Records contained in a dataset:
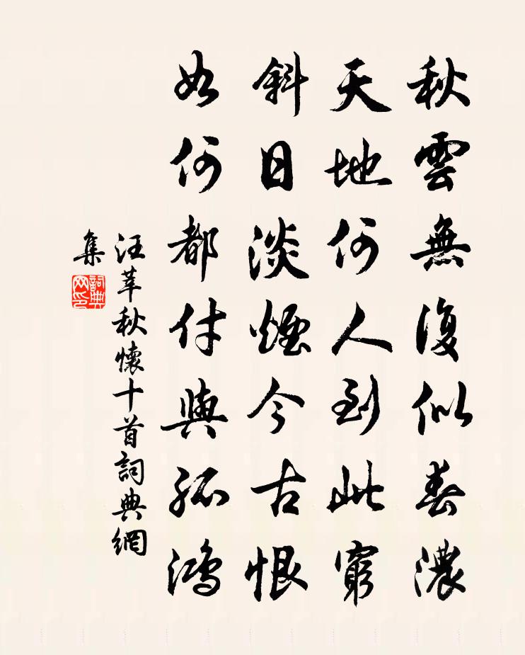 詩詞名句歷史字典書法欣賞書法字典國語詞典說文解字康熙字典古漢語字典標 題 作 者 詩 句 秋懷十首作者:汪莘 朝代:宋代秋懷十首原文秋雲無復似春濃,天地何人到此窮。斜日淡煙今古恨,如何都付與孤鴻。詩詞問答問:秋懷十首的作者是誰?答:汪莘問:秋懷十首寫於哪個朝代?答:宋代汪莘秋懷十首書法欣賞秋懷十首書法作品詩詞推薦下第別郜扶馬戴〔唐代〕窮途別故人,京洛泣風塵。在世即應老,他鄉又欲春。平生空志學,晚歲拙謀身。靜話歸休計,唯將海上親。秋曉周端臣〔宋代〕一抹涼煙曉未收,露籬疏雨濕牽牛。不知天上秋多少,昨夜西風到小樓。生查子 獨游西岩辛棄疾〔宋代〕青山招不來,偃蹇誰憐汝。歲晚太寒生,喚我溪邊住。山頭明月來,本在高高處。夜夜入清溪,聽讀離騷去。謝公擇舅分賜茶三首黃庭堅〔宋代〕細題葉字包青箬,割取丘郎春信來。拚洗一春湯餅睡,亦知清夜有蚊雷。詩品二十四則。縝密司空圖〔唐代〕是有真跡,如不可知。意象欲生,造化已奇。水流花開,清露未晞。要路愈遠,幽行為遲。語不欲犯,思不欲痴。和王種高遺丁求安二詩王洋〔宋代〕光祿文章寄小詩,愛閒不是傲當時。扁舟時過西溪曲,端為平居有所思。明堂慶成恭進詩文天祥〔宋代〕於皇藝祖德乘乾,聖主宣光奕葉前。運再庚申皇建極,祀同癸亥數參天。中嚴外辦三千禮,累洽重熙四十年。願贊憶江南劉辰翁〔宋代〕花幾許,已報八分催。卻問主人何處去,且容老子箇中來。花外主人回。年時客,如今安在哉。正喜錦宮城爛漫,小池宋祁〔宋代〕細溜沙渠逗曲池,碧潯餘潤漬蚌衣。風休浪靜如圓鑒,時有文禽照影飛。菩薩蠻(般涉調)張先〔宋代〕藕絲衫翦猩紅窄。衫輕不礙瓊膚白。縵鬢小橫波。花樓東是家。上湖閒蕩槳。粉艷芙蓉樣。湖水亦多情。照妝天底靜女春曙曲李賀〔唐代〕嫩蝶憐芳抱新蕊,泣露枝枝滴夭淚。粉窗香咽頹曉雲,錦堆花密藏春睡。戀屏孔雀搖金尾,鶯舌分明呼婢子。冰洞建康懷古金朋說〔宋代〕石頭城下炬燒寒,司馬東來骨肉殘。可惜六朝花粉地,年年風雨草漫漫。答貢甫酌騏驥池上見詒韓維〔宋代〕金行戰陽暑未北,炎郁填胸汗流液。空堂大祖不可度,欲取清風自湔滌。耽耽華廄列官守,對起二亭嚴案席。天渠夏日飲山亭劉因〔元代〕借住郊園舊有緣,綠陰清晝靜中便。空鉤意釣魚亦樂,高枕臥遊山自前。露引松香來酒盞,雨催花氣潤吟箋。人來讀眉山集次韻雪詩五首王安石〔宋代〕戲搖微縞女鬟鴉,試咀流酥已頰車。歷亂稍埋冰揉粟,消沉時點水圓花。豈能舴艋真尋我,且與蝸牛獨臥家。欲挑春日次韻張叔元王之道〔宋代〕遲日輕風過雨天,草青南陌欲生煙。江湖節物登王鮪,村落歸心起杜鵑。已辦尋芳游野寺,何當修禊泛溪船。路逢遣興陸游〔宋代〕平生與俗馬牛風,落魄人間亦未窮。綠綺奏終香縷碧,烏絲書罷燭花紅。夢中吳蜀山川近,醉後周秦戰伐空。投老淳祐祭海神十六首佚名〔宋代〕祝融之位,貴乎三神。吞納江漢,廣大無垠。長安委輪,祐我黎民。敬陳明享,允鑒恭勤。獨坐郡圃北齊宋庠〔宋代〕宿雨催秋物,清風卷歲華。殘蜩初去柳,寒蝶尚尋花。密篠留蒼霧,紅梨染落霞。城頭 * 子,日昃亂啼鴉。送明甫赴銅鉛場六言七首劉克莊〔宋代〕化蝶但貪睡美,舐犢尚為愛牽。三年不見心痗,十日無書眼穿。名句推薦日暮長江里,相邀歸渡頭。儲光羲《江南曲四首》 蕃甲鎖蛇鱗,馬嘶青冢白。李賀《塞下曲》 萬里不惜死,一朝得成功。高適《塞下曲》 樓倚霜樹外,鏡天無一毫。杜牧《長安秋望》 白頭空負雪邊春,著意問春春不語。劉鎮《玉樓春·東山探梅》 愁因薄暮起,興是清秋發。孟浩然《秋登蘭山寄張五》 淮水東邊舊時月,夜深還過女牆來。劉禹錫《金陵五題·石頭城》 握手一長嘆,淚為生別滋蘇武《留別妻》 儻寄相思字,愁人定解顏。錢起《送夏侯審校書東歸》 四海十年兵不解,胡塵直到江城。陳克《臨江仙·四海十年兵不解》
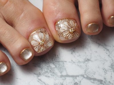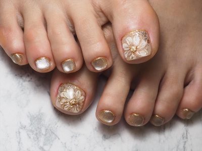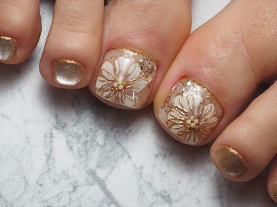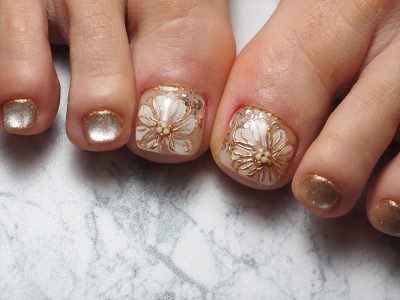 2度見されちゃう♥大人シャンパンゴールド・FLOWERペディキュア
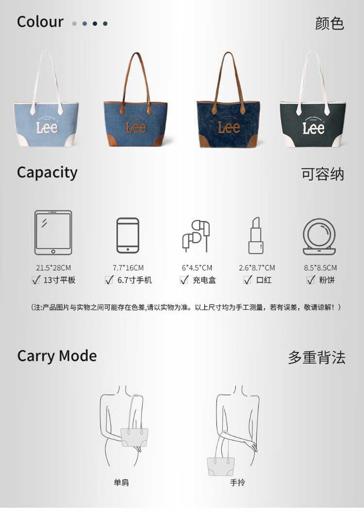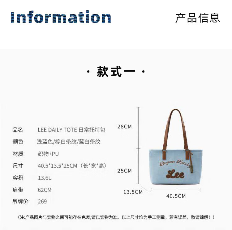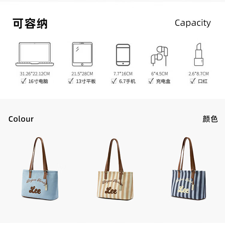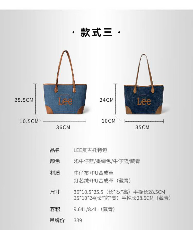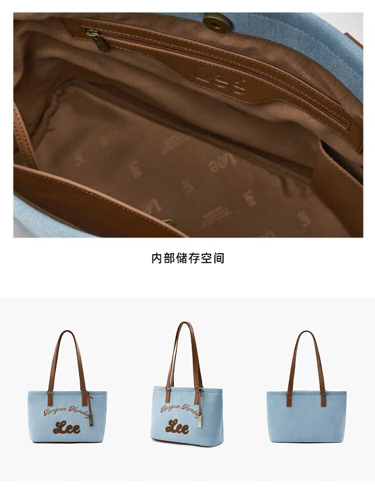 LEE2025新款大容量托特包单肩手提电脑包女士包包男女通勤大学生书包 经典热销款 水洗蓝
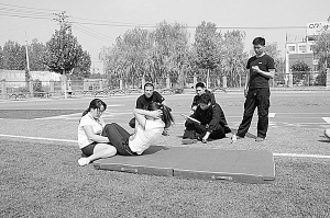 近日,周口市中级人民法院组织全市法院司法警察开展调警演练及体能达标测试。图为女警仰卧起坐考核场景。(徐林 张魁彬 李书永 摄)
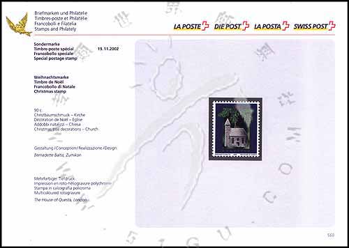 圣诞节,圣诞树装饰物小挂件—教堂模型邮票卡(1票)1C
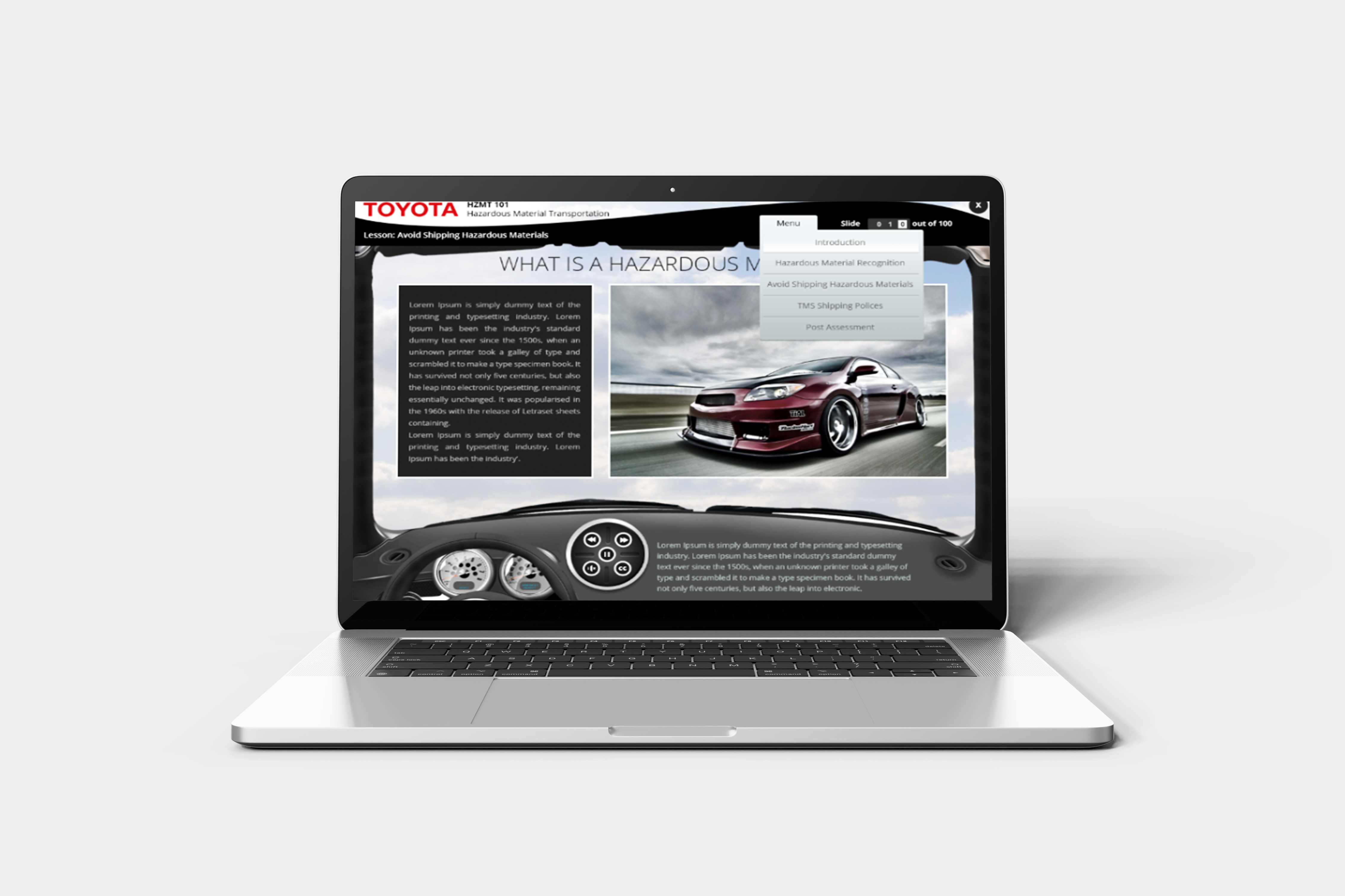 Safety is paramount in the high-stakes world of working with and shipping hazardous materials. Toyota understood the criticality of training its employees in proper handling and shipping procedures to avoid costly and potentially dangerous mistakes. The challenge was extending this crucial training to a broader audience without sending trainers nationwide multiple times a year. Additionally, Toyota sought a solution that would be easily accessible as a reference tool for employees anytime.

Your instructions:
Output the records exactly, pictures excluded.

Answer section:
 詩詞名句歷史字典書法欣賞書法字典國語詞典說文解字康熙字典古漢語字典標 題 作 者 詩 句 秋懷十首作者:汪莘 朝代:宋代秋懷十首原文秋雲無復似春濃,天地何人到此窮。斜日淡煙今古恨,如何都付與孤鴻。詩詞問答問:秋懷十首的作者是誰?答:汪莘問:秋懷十首寫於哪個朝代?答:宋代汪莘秋懷十首書法欣賞秋懷十首書法作品詩詞推薦下第別郜扶馬戴〔唐代〕窮途別故人,京洛泣風塵。在世即應老,他鄉又欲春。平生空志學,晚歲拙謀身。靜話歸休計,唯將海上親。秋曉周端臣〔宋代〕一抹涼煙曉未收,露籬疏雨濕牽牛。不知天上秋多少,昨夜西風到小樓。生查子 獨游西岩辛棄疾〔宋代〕青山招不來,偃蹇誰憐汝。歲晚太寒生,喚我溪邊住。山頭明月來,本在高高處。夜夜入清溪,聽讀離騷去。謝公擇舅分賜茶三首黃庭堅〔宋代〕細題葉字包青箬,割取丘郎春信來。拚洗一春湯餅睡,亦知清夜有蚊雷。詩品二十四則。縝密司空圖〔唐代〕是有真跡,如不可知。意象欲生,造化已奇。水流花開,清露未晞。要路愈遠,幽行為遲。語不欲犯,思不欲痴。和王種高遺丁求安二詩王洋〔宋代〕光祿文章寄小詩,愛閒不是傲當時。扁舟時過西溪曲,端為平居有所思。明堂慶成恭進詩文天祥〔宋代〕於皇藝祖德乘乾,聖主宣光奕葉前。運再庚申皇建極,祀同癸亥數參天。中嚴外辦三千禮,累洽重熙四十年。願贊憶江南劉辰翁〔宋代〕花幾許,已報八分催。卻問主人何處去,且容老子箇中來。花外主人回。年時客,如今安在哉。正喜錦宮城爛漫,小池宋祁〔宋代〕細溜沙渠逗曲池,碧潯餘潤漬蚌衣。風休浪靜如圓鑒,時有文禽照影飛。菩薩蠻(般涉調)張先〔宋代〕藕絲衫翦猩紅窄。衫輕不礙瓊膚白。縵鬢小橫波。花樓東是家。上湖閒蕩槳。粉艷芙蓉樣。湖水亦多情。照妝天底靜女春曙曲李賀〔唐代〕嫩蝶憐芳抱新蕊,泣露枝枝滴夭淚。粉窗香咽頹曉雲,錦堆花密藏春睡。戀屏孔雀搖金尾,鶯舌分明呼婢子。冰洞建康懷古金朋說〔宋代〕石頭城下炬燒寒,司馬東來骨肉殘。可惜六朝花粉地,年年風雨草漫漫。答貢甫酌騏驥池上見詒韓維〔宋代〕金行戰陽暑未北,炎郁填胸汗流液。空堂大祖不可度,欲取清風自湔滌。耽耽華廄列官守,對起二亭嚴案席。天渠夏日飲山亭劉因〔元代〕借住郊園舊有緣,綠陰清晝靜中便。空鉤意釣魚亦樂,高枕臥遊山自前。露引松香來酒盞,雨催花氣潤吟箋。人來讀眉山集次韻雪詩五首王安石〔宋代〕戲搖微縞女鬟鴉,試咀流酥已頰車。歷亂稍埋冰揉粟,消沉時點水圓花。豈能舴艋真尋我,且與蝸牛獨臥家。欲挑春日次韻張叔元王之道〔宋代〕遲日輕風過雨天,草青南陌欲生煙。江湖節物登王鮪,村落歸心起杜鵑。已辦尋芳游野寺,何當修禊泛溪船。路逢遣興陸游〔宋代〕平生與俗馬牛風,落魄人間亦未窮。綠綺奏終香縷碧,烏絲書罷燭花紅。夢中吳蜀山川近,醉後周秦戰伐空。投老淳祐祭海神十六首佚名〔宋代〕祝融之位,貴乎三神。吞納江漢,廣大無垠。長安委輪,祐我黎民。敬陳明享,允鑒恭勤。獨坐郡圃北齊宋庠〔宋代〕宿雨催秋物,清風卷歲華。殘蜩初去柳,寒蝶尚尋花。密篠留蒼霧,紅梨染落霞。城頭 * 子,日昃亂啼鴉。送明甫赴銅鉛場六言七首劉克莊〔宋代〕化蝶但貪睡美,舐犢尚為愛牽。三年不見心痗,十日無書眼穿。名句推薦日暮長江里,相邀歸渡頭。儲光羲《江南曲四首》 蕃甲鎖蛇鱗,馬嘶青冢白。李賀《塞下曲》 萬里不惜死,一朝得成功。高適《塞下曲》 樓倚霜樹外,鏡天無一毫。杜牧《長安秋望》 白頭空負雪邊春,著意問春春不語。劉鎮《玉樓春·東山探梅》 愁因薄暮起,興是清秋發。孟浩然《秋登蘭山寄張五》 淮水東邊舊時月,夜深還過女牆來。劉禹錫《金陵五題·石頭城》 握手一長嘆,淚為生別滋蘇武《留別妻》 儻寄相思字,愁人定解顏。錢起《送夏侯審校書東歸》 四海十年兵不解,胡塵直到江城。陳克《臨江仙·四海十年兵不解》
 2度見されちゃう♥大人シャンパンゴールド・FLOWERペディキュア
 LEE2025新款大容量托特包单肩手提电脑包女士包包男女通勤大学生书包 经典热销款 水洗蓝
 近日,周口市中级人民法院组织全市法院司法警察开展调警演练及体能达标测试。图为女警仰卧起坐考核场景。(徐林 张魁彬 李书永 摄)
 圣诞节,圣诞树装饰物小挂件—教堂模型邮票卡(1票)1C
 Safety is paramount in the high-stakes world of working with and shipping hazardous materials. Toyota understood the criticality of training its employees in proper handling and shipping procedures to avoid costly and potentially dangerous mistakes. The challenge was extending this crucial training to a broader audience without sending trainers nationwide multiple times a year. Additionally, Toyota sought a solution that would be easily accessible as a reference tool for employees anytime.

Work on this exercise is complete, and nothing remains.